Skip to main content Link Menu Expand (external link) Document Search Copy Copied

Why is Markdown difficult for CATs?

Because Markdown syntax uses characters that can appear in a text in their normal use and there are different characters that serve the same purpose, it is difficult for CAT software developers to create good Markdown filters. The filters need to sift out Markdown tags and place non-editable tags in a CAT program. The tags in the CAT must be non-editable to avoid accidental editing or deletion.

However, some Markdown tags must be editable to a certain degree:

1. Hello ***.md** my old friend!
2. ![Shark](resources/images/IMG_20200401_210429.jpg "A Technical Writer Shark")

In the first example, ** is a tag for bold. We do not want the CAT to interpret it as two asterisks because they may be accidentally changed or deleted. As a result, the CAT should place a non-editable opening tag where the text in bold starts and a closing tag where the text in bold ends. However, we do want the one asterisk to be shown normally.

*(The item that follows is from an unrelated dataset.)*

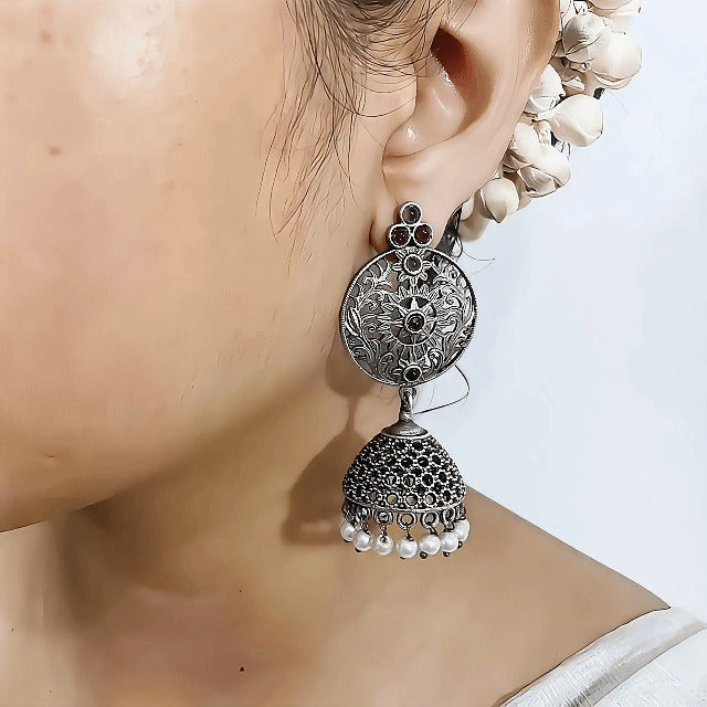 হাতে তৈরি এই সিলভার রিপ্লিকা ঝুমকার ওপেনওয়ার্ক ডিজাইন আর মুক্তার দুলুনি একে করেছে একেবারে অনন্য।

In the second example, the whole line is a reference to a displayed image file with a hover text A Technical Writer Shark. In this case, we want the CAT to interpret Shark and A Technical Writer Shark as translatable, but leave the brackets and link to the image file as non-translatable.

That is why the difficulty lies in using such filters that interpret asterisks or brackets as Markdown tags, while also interpret them as normal characters used in the text. This is made difficult even further when combined with other characters that build up Markdown tags.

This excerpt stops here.